→ **AIM OF THE EXERCISE**:
Every line below from the one with "Feathers Reversible Tote" through the one with "本文/问答《耀华复读学校值得" is to be repeated exactly, with no picture among them.

→ **TASK DATA**:
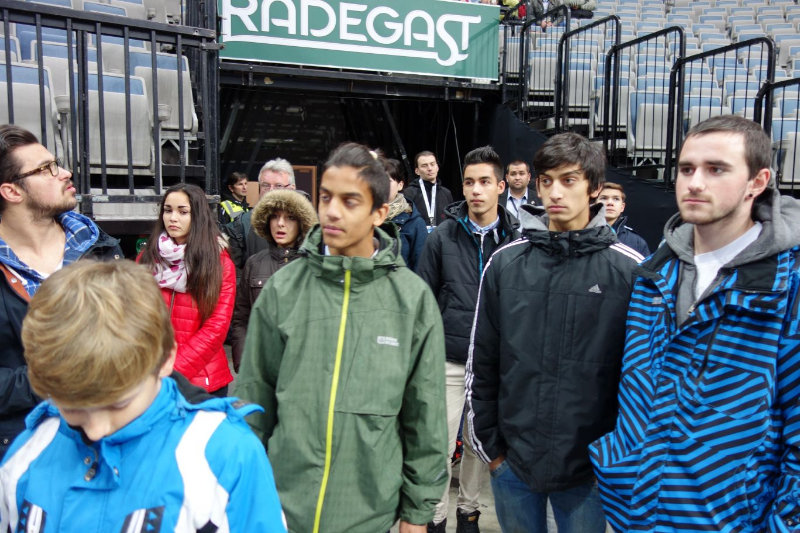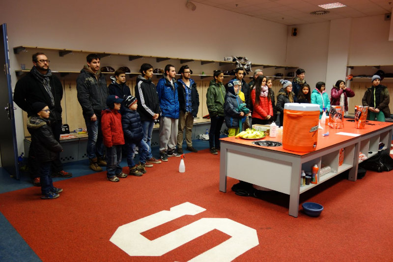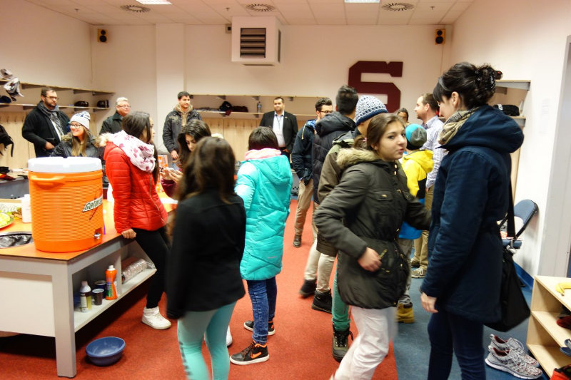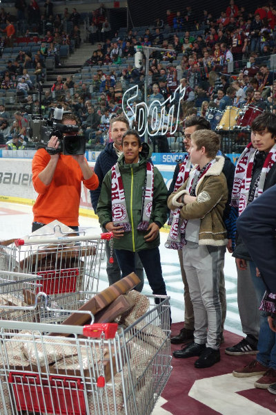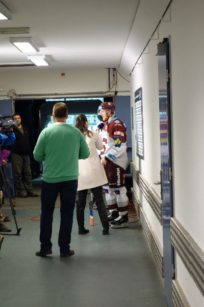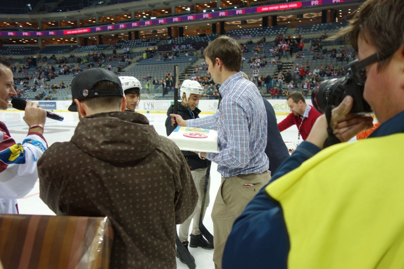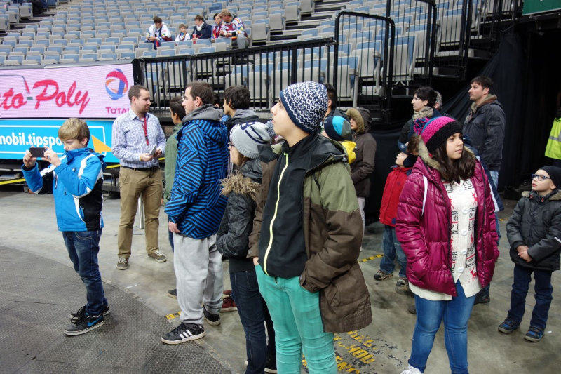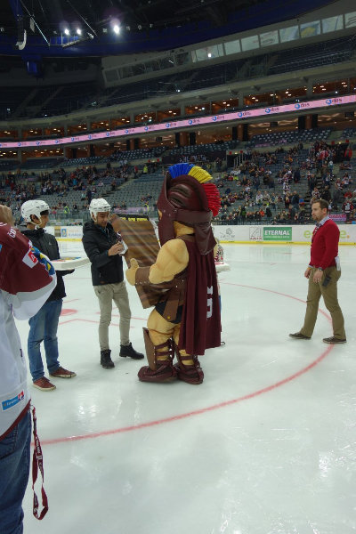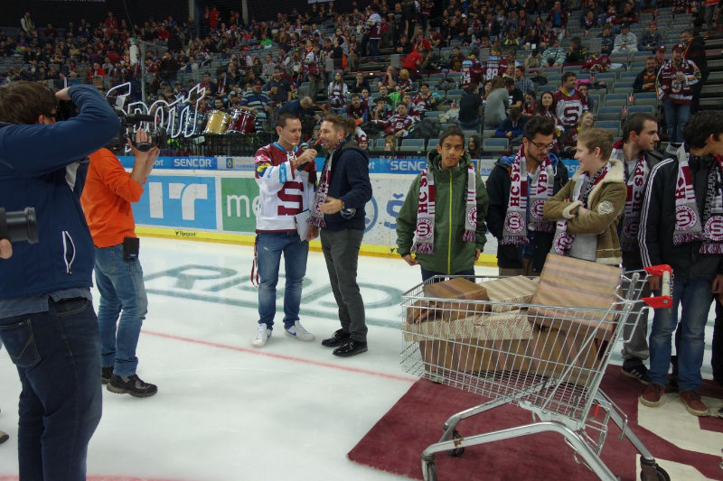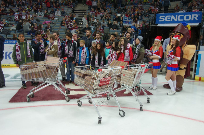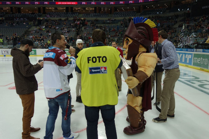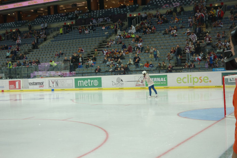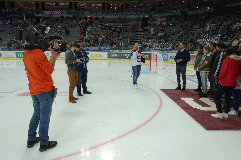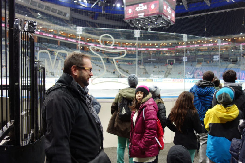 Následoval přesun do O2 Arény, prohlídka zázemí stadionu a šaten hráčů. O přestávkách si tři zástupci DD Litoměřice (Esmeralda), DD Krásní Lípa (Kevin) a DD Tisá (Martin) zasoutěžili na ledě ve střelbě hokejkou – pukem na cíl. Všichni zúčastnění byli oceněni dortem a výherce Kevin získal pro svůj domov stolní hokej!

--

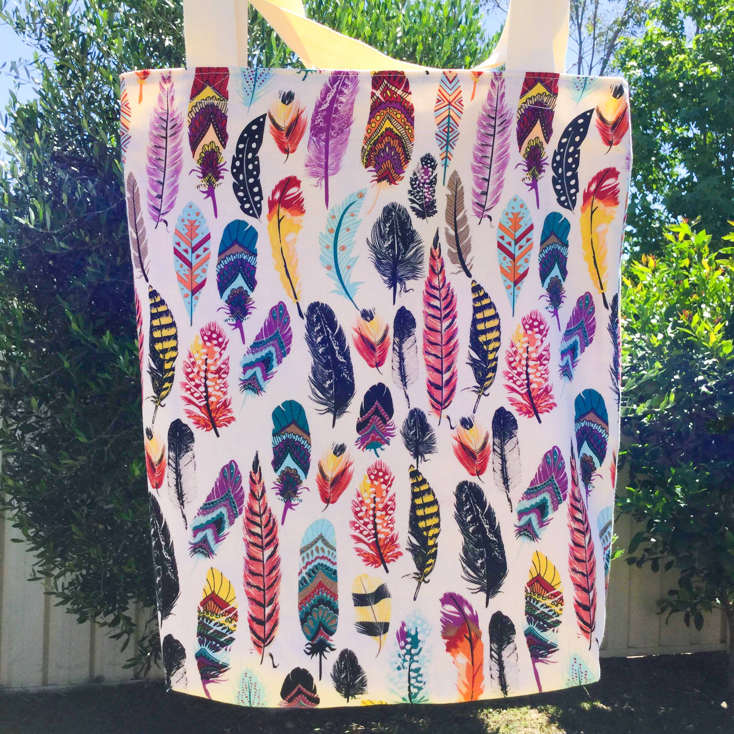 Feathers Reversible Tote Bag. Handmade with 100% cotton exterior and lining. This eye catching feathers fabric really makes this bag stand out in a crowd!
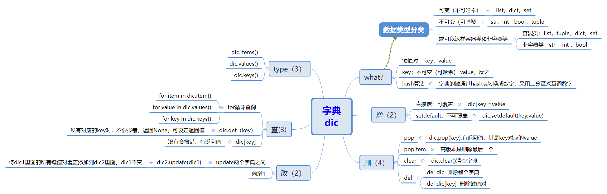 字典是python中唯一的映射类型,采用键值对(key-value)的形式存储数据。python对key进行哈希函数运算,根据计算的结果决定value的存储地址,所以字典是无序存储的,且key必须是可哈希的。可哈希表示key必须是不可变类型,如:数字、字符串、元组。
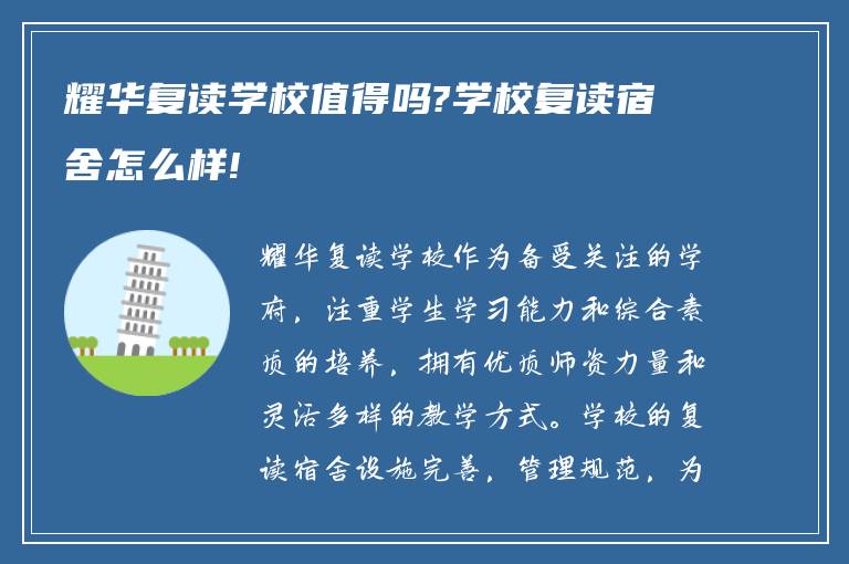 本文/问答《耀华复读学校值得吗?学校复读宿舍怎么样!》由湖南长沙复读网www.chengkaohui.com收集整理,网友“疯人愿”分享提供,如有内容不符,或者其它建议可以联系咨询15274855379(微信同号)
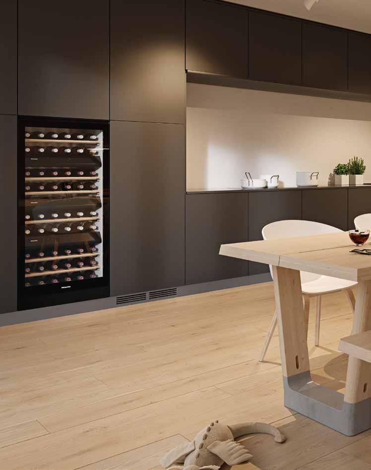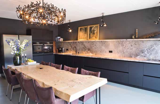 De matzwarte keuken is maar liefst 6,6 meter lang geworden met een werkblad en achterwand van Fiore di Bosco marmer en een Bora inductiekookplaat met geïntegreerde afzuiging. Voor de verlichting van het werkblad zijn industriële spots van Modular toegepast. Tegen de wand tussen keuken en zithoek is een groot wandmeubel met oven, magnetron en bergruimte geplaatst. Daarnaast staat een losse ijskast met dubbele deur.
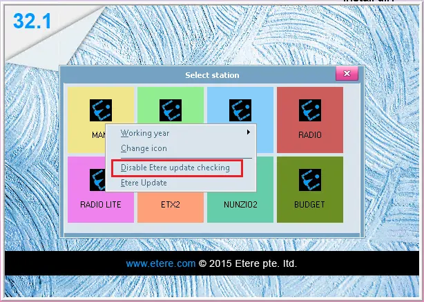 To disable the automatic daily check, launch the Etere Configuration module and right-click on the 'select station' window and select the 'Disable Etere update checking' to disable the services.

→ **RESULT FOR THIS EXERCISE**:
 Feathers Reversible Tote Bag. Handmade with 100% cotton exterior and lining. This eye catching feathers fabric really makes this bag stand out in a crowd!
 字典是python中唯一的映射类型,采用键值对(key-value)的形式存储数据。python对key进行哈希函数运算,根据计算的结果决定value的存储地址,所以字典是无序存储的,且key必须是可哈希的。可哈希表示key必须是不可变类型,如:数字、字符串、元组。
 本文/问答《耀华复读学校值得吗?学校复读宿舍怎么样!》由湖南长沙复读网www.chengkaohui.com收集整理,网友“疯人愿”分享提供,如有内容不符,或者其它建议可以联系咨询15274855379(微信同号)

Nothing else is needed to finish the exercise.